AIM OF THE EXERCISE
With the images removed, write out every line below exactly.

[Opening EXCERPTED RECORDS section]

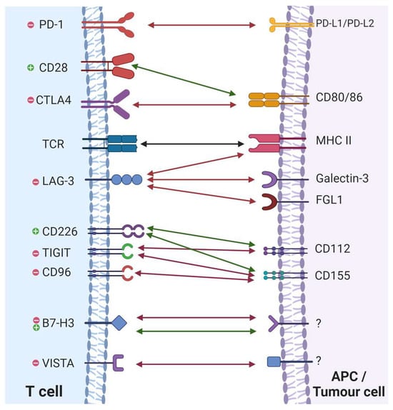 Immune checkpoints are important regulators of the immune system. They act as T-cell receptor (TCR) co-signalling partners, delivering either activating or inhibitory signals to T cells upon stimulation. These signalling pathways are vital for maintaining self-tolerance as well as ensuring an adequate immune response [19]. An example of a stimulatory checkpoint protein is the CD28 molecule, a protein highly expressed on CD4+ and CD8+ T cells, which initiates co-stimulatory signals when it binds to its corresponding ligands, CD80 and CD86, found on APCs [20]. To date, a total of seven other stimulatory checkpoints have been identified, all of which act in a similar way to activate and stimulate T-cell activity [19]. However, inhibitory immune checkpoints have been the main subject of attention in recent years. Their co-inhibitory pathways have been shown to promote tumour formation and progression, through the dampening of cancer immunosurveillance [21]. In fact, cancer cells have been shown to utilise these pathways by expression of their ligands, activating immunosuppressive signalling and allowing for immune evasion [22]. The therapeutic potential surrounding these pathways is evident, and since the success of the first ICI, ipilimumab, targeting CTLA-4, many more inhibitory immune checkpoints have been identified. As of now, the immune checkpoints which have been successfully targeted with approved ICIs are CTLA-4, PD-1 (CD279), its ligand PD-L1 (CD274) and LAG-3 (CD223) [5,10]. Other co-inhibitory immune checkpoints include T-cell immunoglobulin and mucin-domain-containing-3 (TIM-3, CD366), T-cell immunoglobulin and ITIM domain (TIGIT), V-domain Ig suppressor of T-cell activation (VISTA) and many more (Figure 1) [23]. These are all emerging ICI targets, currently under clinical trial or development, with many showing promising outcomes [23]. However, before we focus on what the future holds, it is important to understand the current established ICI targets, as ultimately it is their success and current limitations that are guiding research into these new targets. The next section will look in more depth at the physiological roles of these immune checkpoints, the mechanism of their blockade by ICIs and analyse the success of this immunotherapy in treatment of advanced cancers.
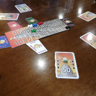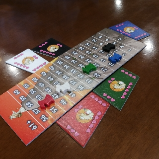 外れたら0点なので、堅実にいくかギャンブルするかにと予想は様々な。5人プレイで8枚ずつ配って10枚余るので、程よく読めない数字が予想を迷わせる。トリックを獲得しても、小さい数字がプレイされてると思ったよりヤギ駒が進まないこともあり、どれぐらいの予想をするかは難しいが的中できたら嬉しい。
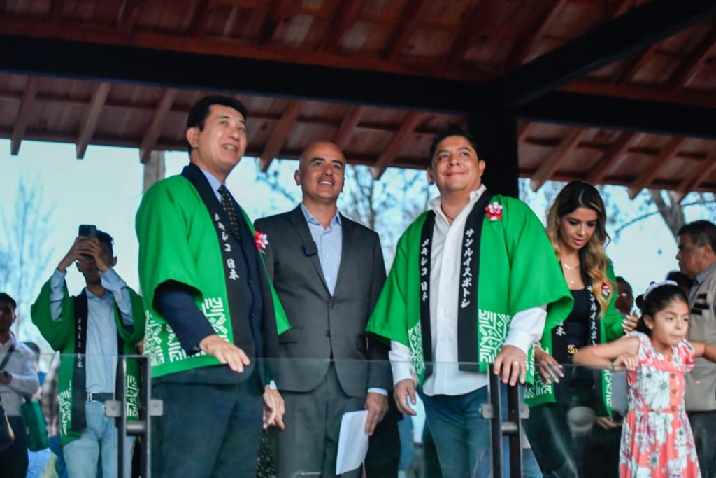 En una emotiva ceremonia, el Jefe del Ejecutivo Estatal, hizo el corte inaugural y develó junto con el Embajador de Japón, Noriteru Fukushima, la placa que conmemorará este importante día para las y los potosinos, ya que se trata de un espacio destinado al sano esparcimiento y realización de actividades culturales para niñas, niños, jóvenes, adultos y personas de la tercera edad, a través de una temática oriental con el apoyo de la Asociación Nikkei en San Luis Potosí.
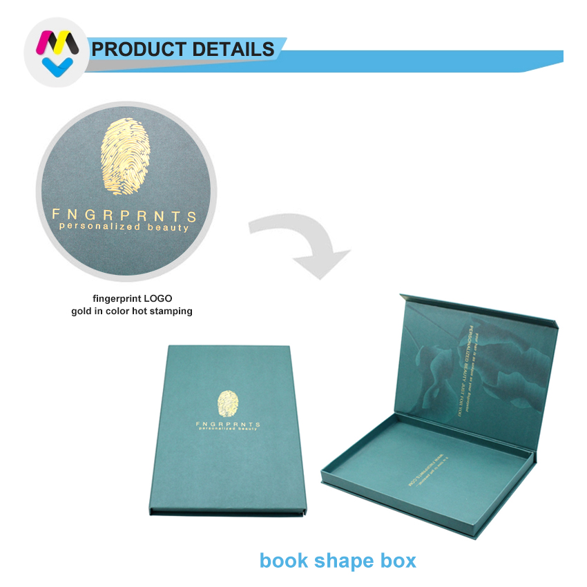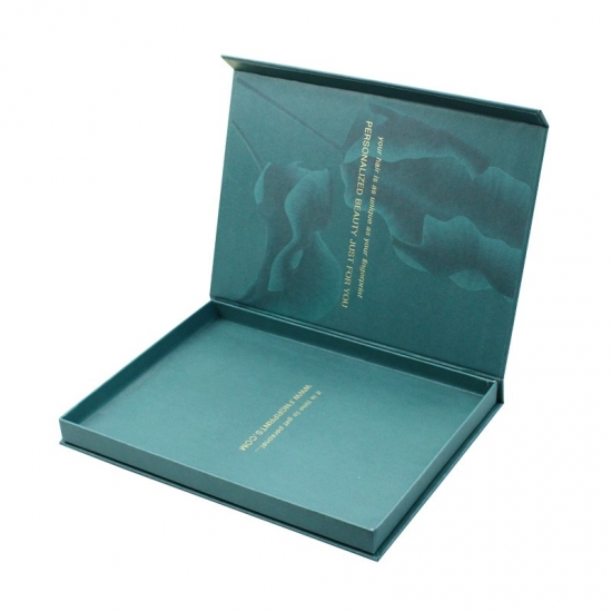 Green cardboard magnetic box was made by 157gsm C2S art paper laminated with 2mm grey cardboard Support customized any size any color and logo ,surface finishing was matt lamination,gold hot stamping CMYK printing Size 22.3*16*2cm
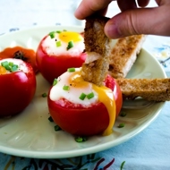Place the hollowed tomatoes on the baking sheet. Add a teaspoon of butter to each. Crack an egg into each tomato. Season with salt to taste. Bake for 25-30 minutes.
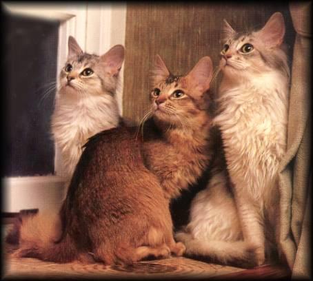 القط الصومالي نسخة طويلة الشعر من الإثيوبي الغريب. وبالرغم من أن سلالته ليست طويلة ومميزة إلا أنه جذاب و يظهركل الصفات الفيزيائية الأساسية والشخصية المسلية. كلا النوعان الصومالي والحبشي(الإثيوبي) حيويان ولهما بريقهما وسريعان بتعلم حيلة أو حيلتين و كلاهما مرافقان ممتازان وليسا مناسبين لشقة صغيرة بدون حديقة. بالرغم من التأثير الرائع للنوع الصومالي ذو اللون الكلاسيكي في فروة حريرية طويلة إلا أنه يأخذ بعض الوقت حتى يميز كسلالة. وبالرغم من أنه متطور منذ زمن بعيد في الثلاثينات إلا أنه لم يقبل رسمياً حتى السبعينات. والفرو الفاخر للنوع الصومالي يعطيه شكلاً وحشياً ولكن سمته أنه متحضر تماماً ، والنوع الصومالي Usual المصور هنا في الوسط لونه بني متورد ومميز بلون بني غامق أو أسود، لكن توجد تنوعات لونية أخرى وتضمن ,SorrelRed بالإضافة إلى الأزرق الفضي

[Closing EXCERPTED RECORDS section]

ANSWER SECTION
 Immune checkpoints are important regulators of the immune system. They act as T-cell receptor (TCR) co-signalling partners, delivering either activating or inhibitory signals to T cells upon stimulation. These signalling pathways are vital for maintaining self-tolerance as well as ensuring an adequate immune response [19]. An example of a stimulatory checkpoint protein is the CD28 molecule, a protein highly expressed on CD4+ and CD8+ T cells, which initiates co-stimulatory signals when it binds to its corresponding ligands, CD80 and CD86, found on APCs [20]. To date, a total of seven other stimulatory checkpoints have been identified, all of which act in a similar way to activate and stimulate T-cell activity [19]. However, inhibitory immune checkpoints have been the main subject of attention in recent years. Their co-inhibitory pathways have been shown to promote tumour formation and progression, through the dampening of cancer immunosurveillance [21]. In fact, cancer cells have been shown to utilise these pathways by expression of their ligands, activating immunosuppressive signalling and allowing for immune evasion [22]. The therapeutic potential surrounding these pathways is evident, and since the success of the first ICI, ipilimumab, targeting CTLA-4, many more inhibitory immune checkpoints have been identified. As of now, the immune checkpoints which have been successfully targeted with approved ICIs are CTLA-4, PD-1 (CD279), its ligand PD-L1 (CD274) and LAG-3 (CD223) [5,10]. Other co-inhibitory immune checkpoints include T-cell immunoglobulin and mucin-domain-containing-3 (TIM-3, CD366), T-cell immunoglobulin and ITIM domain (TIGIT), V-domain Ig suppressor of T-cell activation (VISTA) and many more (Figure 1) [23]. These are all emerging ICI targets, currently under clinical trial or development, with many showing promising outcomes [23]. However, before we focus on what the future holds, it is important to understand the current established ICI targets, as ultimately it is their success and current limitations that are guiding research into these new targets. The next section will look in more depth at the physiological roles of these immune checkpoints, the mechanism of their blockade by ICIs and analyse the success of this immunotherapy in treatment of advanced cancers.
 外れたら0点なので、堅実にいくかギャンブルするかにと予想は様々な。5人プレイで8枚ずつ配って10枚余るので、程よく読めない数字が予想を迷わせる。トリックを獲得しても、小さい数字がプレイされてると思ったよりヤギ駒が進まないこともあり、どれぐらいの予想をするかは難しいが的中できたら嬉しい。
 En una emotiva ceremonia, el Jefe del Ejecutivo Estatal, hizo el corte inaugural y develó junto con el Embajador de Japón, Noriteru Fukushima, la placa que conmemorará este importante día para las y los potosinos, ya que se trata de un espacio destinado al sano esparcimiento y realización de actividades culturales para niñas, niños, jóvenes, adultos y personas de la tercera edad, a través de una temática oriental con el apoyo de la Asociación Nikkei en San Luis Potosí.
 Green cardboard magnetic box was made by 157gsm C2S art paper laminated with 2mm grey cardboard Support customized any size any color and logo ,surface finishing was matt lamination,gold hot stamping CMYK printing Size 22.3*16*2cm
Place the hollowed tomatoes on the baking sheet. Add a teaspoon of butter to each. Crack an egg into each tomato. Season with salt to taste. Bake for 25-30 minutes.
 القط الصومالي نسخة طويلة الشعر من الإثيوبي الغريب. وبالرغم من أن سلالته ليست طويلة ومميزة إلا أنه جذاب و يظهركل الصفات الفيزيائية الأساسية والشخصية المسلية. كلا النوعان الصومالي والحبشي(الإثيوبي) حيويان ولهما بريقهما وسريعان بتعلم حيلة أو حيلتين و كلاهما مرافقان ممتازان وليسا مناسبين لشقة صغيرة بدون حديقة. بالرغم من التأثير الرائع للنوع الصومالي ذو اللون الكلاسيكي في فروة حريرية طويلة إلا أنه يأخذ بعض الوقت حتى يميز كسلالة. وبالرغم من أنه متطور منذ زمن بعيد في الثلاثينات إلا أنه لم يقبل رسمياً حتى السبعينات. والفرو الفاخر للنوع الصومالي يعطيه شكلاً وحشياً ولكن سمته أنه متحضر تماماً ، والنوع الصومالي Usual المصور هنا في الوسط لونه بني متورد ومميز بلون بني غامق أو أسود، لكن توجد تنوعات لونية أخرى وتضمن ,SorrelRed بالإضافة إلى الأزرق الفضي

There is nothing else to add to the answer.